Kamis, Jakarta – Menteri Haji dan Umrah Mochamad Irfan Yusuf mengingatkan seluruh petugas haji agar selalu menjaga sikap pelayanan kepada jamaah calon haji, bukan mencari keuntungan pribadi. Dalam acara peluncuran 200-an petugas haji yang bertugas di Makkah, Ia menekankan bahwa tugas mereka tidak hanya sekadar administratif, tetapi juga mewakili nilai-nilai kejujuran dan representasi Indonesia di tengah keramaian global.

“Berikan pelayanan terbaik kepada jamaah, bukan mencari kenyamanan pribadi. Petugas haji harus hadir dengan semangat melayani, bukan dilayani. Ini yang harus terus diingat dalam setiap tugas,” ujar Irfan Yusuf.

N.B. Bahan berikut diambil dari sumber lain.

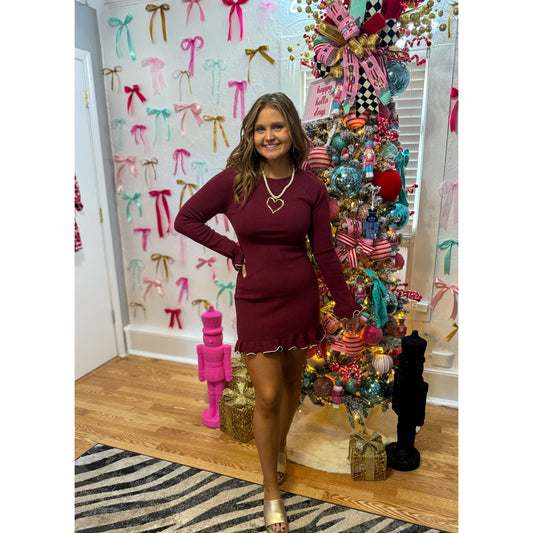 Shelby Knit Mini Dress, Burgundy/Ivory

Kota Makkah menjadi pusat berkumpulnya jamaah dari berbagai belahan dunia, termasuk Indonesia. Oleh karena itu, tugas petugas haji disebut sebagai amanah yang besar, yang menuntut tanggung jawab moral dan kepekaan terhadap kebutuhan jamaah.

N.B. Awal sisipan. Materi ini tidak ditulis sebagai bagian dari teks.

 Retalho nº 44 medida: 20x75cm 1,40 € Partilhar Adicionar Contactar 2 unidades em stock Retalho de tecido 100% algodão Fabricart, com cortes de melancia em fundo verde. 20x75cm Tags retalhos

Ia juga menyoroti pentingnya etika dalam berinteraksi dengan jamaah. Petugas diminta bersikap ramah, sabar, dan penuh empati, terutama terhadap calon haji yang berasal dari latar belakang beragam, baik usia, pendidikan, maupun pengalaman.

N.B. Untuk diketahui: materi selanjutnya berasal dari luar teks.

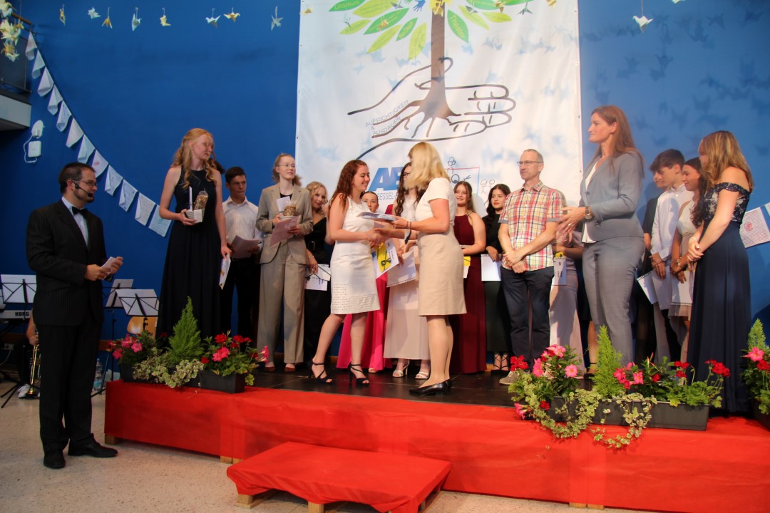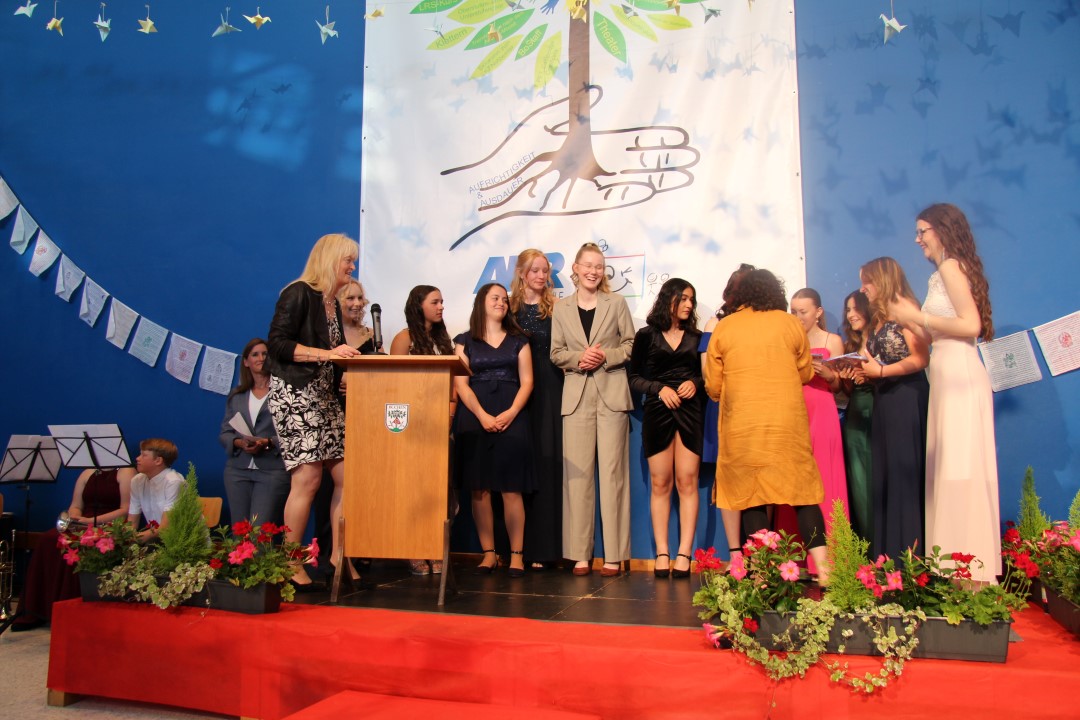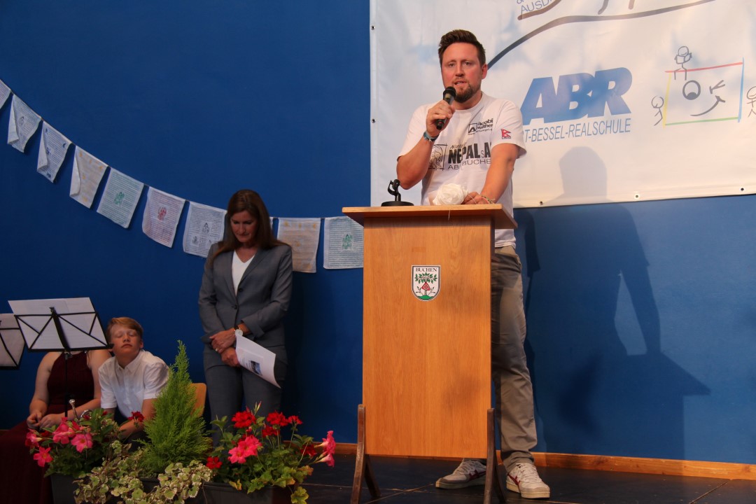 Anschließend erfolgte die Ehrung für außerordentliche Leistungen: Die Absolventinnen Dilay Cinar, Yagmur Cinar, Emme Hofmann, Julia Kirschenlohr, Nele Wilhelm (alle 10a), Jemima Haaß, Sarah Gramlich, Marie Hemberger (alle 10b), Emely Burgart und Vanesa Dikova (beide 10c) wurden für ihr Engagement als „Starkmacher-Schüler“ von Frau Mackert und Herrn Eger geehrt. Auch die Schülerinnen, die die Hausaufgabenbetreuung durchführten, erhielten eine Urkunde und großen Dank von Frau Geier und Frau Kieser. Darunter waren Tugce Pala, Julia Kirschenlohr, Yagmur Cinar, Emma Hofmann, Angelina Mitrovic, Ella Arnold, Leticia Kukshaus (alle 10a), Emma Münch und Sarah Gramlich (beide 10b). Danach wurden die „Nepalesen“ Sarah Gramlich, David Wiese, Dean Mehl, Marie Hemberger (alle 10b) und Nico Jaufmann (10a) von Herrn Schäfer und Frau Friedel verabschiedet.

“Jangan sampai ada ucapan atau sikap yang melukai perasaan jamaah. Mungkin mereka tidak menyampaikan keluhan, tetapi kita harus peka terhadap kebutuhan mereka,” kata dia.

Perhatian khusus harus diberikan kepada calon haji lanjut usia, penyandang disabilitas, serta kelompok rentan lainnya. Pelayanan kepada mereka, menurut Irfan Yusuf, tidak hanya menjadi tanggung jawab petugas khusus, tetapi juga seluruh anggota tim.

Di sisi lain, ia meminta petugas haji menjaga integritas selama menjalankan tugas. Hal ini meliputi kejujuran, disiplin, serta menghindari kepentingan pribadi yang bisa mengganggu kinerja mereka di Arab Saudi.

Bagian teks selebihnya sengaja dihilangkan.